[Both the government and the BNP-led 20 party alliance should soften their stands coming to resolve the piercing political crisis through dialogue. For the country has plunged into a deep political crisis with both the parties-a dispute almost reaching the point of no return. Besides loss of valuable human lives with many becoming physically handicapped the economy has been hard hit]
The contemporary politics in a seemingly hazy political landscape like Bangladesh suffers from the process of depersonalization as intolerance among the politicians has reaching a dizzying height Distressingly democratic institutions in Bangladesh have been somewhat affected by distortion-ridden political culture. Parliamentary participation has been going through the process of depersonalization with damaging effects on society and economy. The very recent showdown with bickering and squabbling hit the news headlines and became the talk of the town for a couple of days. The destructive politics now-a day has become a sad overtone frustrating the masses. The people do not expect any erratic behaviour from the politicians that may tarnish the image of the country.
Bangladesh syndrome of destructive politics has been well reflected in the way the politicians conducted themselves under the whirlpool of emotional predisposition far away from sense and sensibility, reason and rationality. With zero tolerance policy is sliding into anarchy with some members showing strength without any qualm of decency and decorum. The unmitigated confrontational politics centring vandalism and killings adds to the current level of political intolerance that makes urban and peri-urban areas a rumpus with rolling noise and warring gesture of party cadre comparable to terrifying dances of ghosts.

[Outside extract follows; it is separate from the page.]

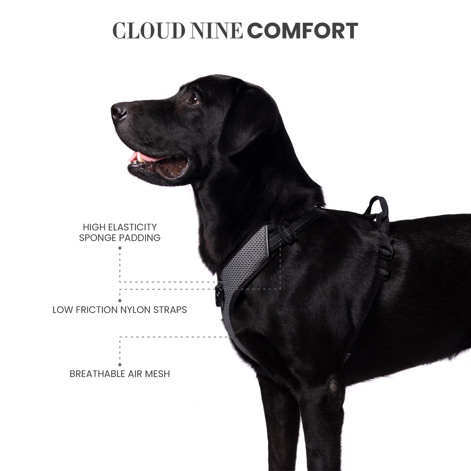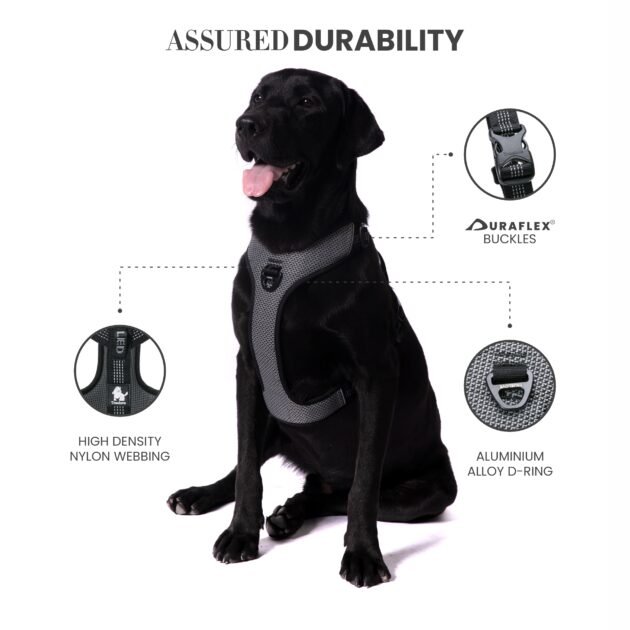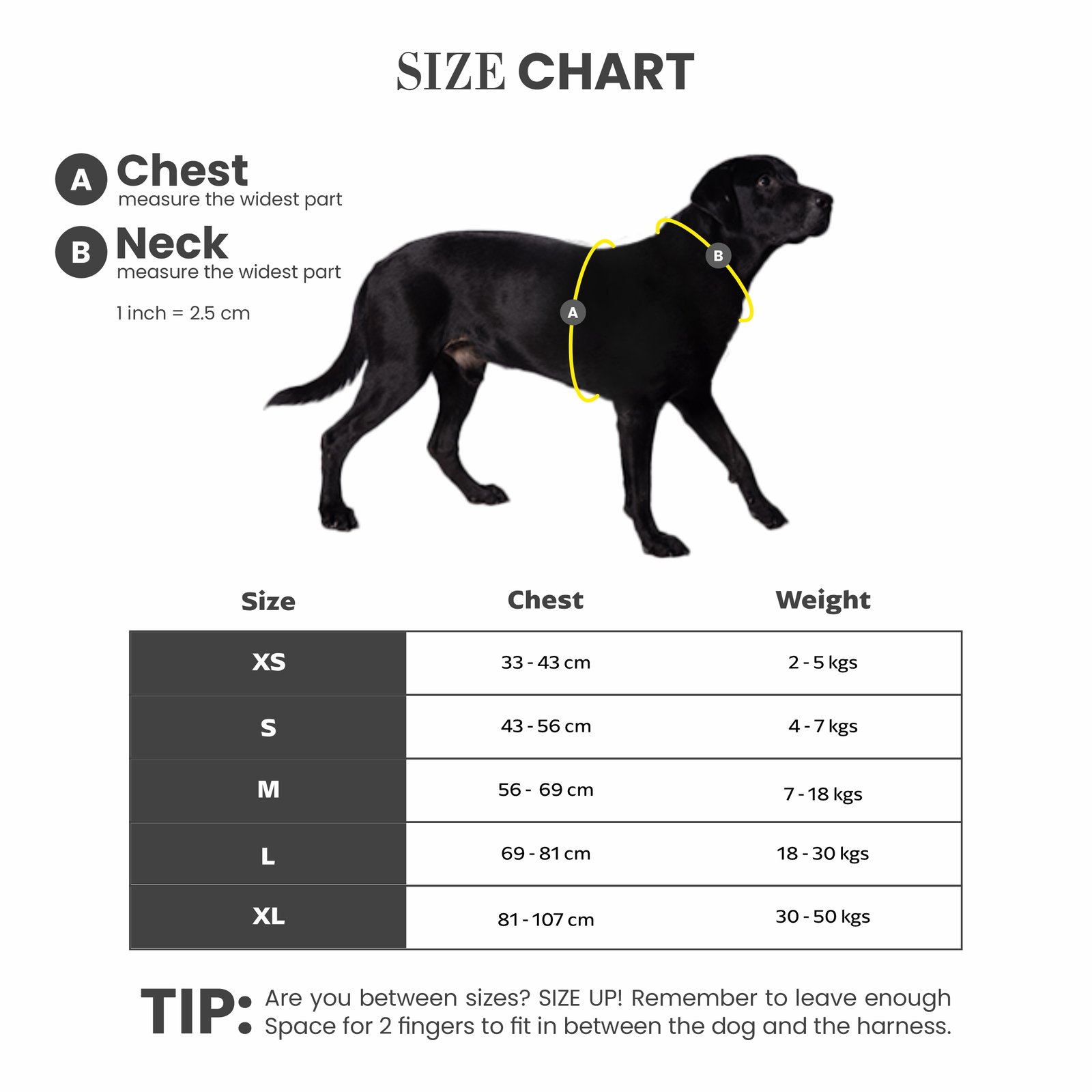 Barkbutler x Truelove Reflective No-Pull, no choke dog padded harness is the only H harness you need for your doggy. What makes Truelove pet vest one of the best in the world? This cute chest harness design has been equipped with patented, heavy load-bearing capacity Duraflex buckles for enhanced security, High-density nylon webbing for longevity, and the aluminium alloy D-rings keeps the harness light while maintaining durability. When it comes to comfort, the ultra-soft & comfortable, breathable air mesh with high elasticity sponge padding, combined with low friction soft nylon straps makes it an extremely comfortable choice for long & short walks. The 3M reflective stitching & piping by 3M Scotchlite – pioneers in Safety equipment around the world, makes walking in the dark with this dog body harness brighter & much safer. For the perfect fit, this harness is made adjustable at the chest & neck area. For maximum control, a Safety/Support handle has been provided on the back of the harness as well. Measure your pet before purchase, refer to the sizing chart in our product images section. Matching leash option available with this Y harness. Pro Tip: Does your dog pull? Connect the leash to the chest or front clip and say goodbye to pulling.

They have been bogged down to ever increasingly rowdiness and rusticism. Deeply involved in blame game some quarrelsome leaders, as we have seen TV channels, made a terrible show with slang in local dialect.
This is the indication that our old culture continues. 'We have progressed very little from the mindset of "winner takes it all and loser has nothing to gain". 'The ruling party and the opposition still remain far from the desired level of interaction and communication expected in a healthy parliamentary democracy. The opposition hardly sit in the house and take politics to the street.
Given the historical legacy of bitterness, lack of vision of top political elites and power-centric nature of the political parties clean political culture is a far cry. Overcoming the crisis necessitates high level of tolerance among the politicians and memorandum of understanding for ironing out the difference and reducing communication gap despite political divide on historical reasons. We do not want that the country goes back to the sordid era of misgovernance with the premonition signalling the reincarnation of one eleven political changeover.
The happy New Year has turned into unhappy one. The beginning seems ominous signalling politics from deadlock to dead-end. Public sufferings mainly the pedestrians and passengers knew no bound during prolonged blockade strengthened (9 consecutive days) by hartal in some districts. Local units of BNP-led 20-party alliance and its components called separate dawn to dusk hartal in 10 districts. Stalemate has been continuing as both parties -government and opposing forces- remain intransient determined not move even an inch. No sign of compromise. BNP's ring leader expressed determination to go ahead with the hard programme until the ruling alliance steps down. Even Viswa Ijtema including Akheri Munajat was not spared. The activists made the devotees go through suffering and tribulations. Country-wide hartal was called following attack on Reaz Rahman, the former deputy foreign minister. His car was torched by miscreants.
As a matter of fact the people have been hostage blockade, anarchy and violence. On the other hand the government takes a very serious view of the situation determined to deal strictly with political turmoil. The pm asked the people to face terror and militants resorting to violence in the name of blockade. She expressed her farm determination to protect lives and property of the citizens.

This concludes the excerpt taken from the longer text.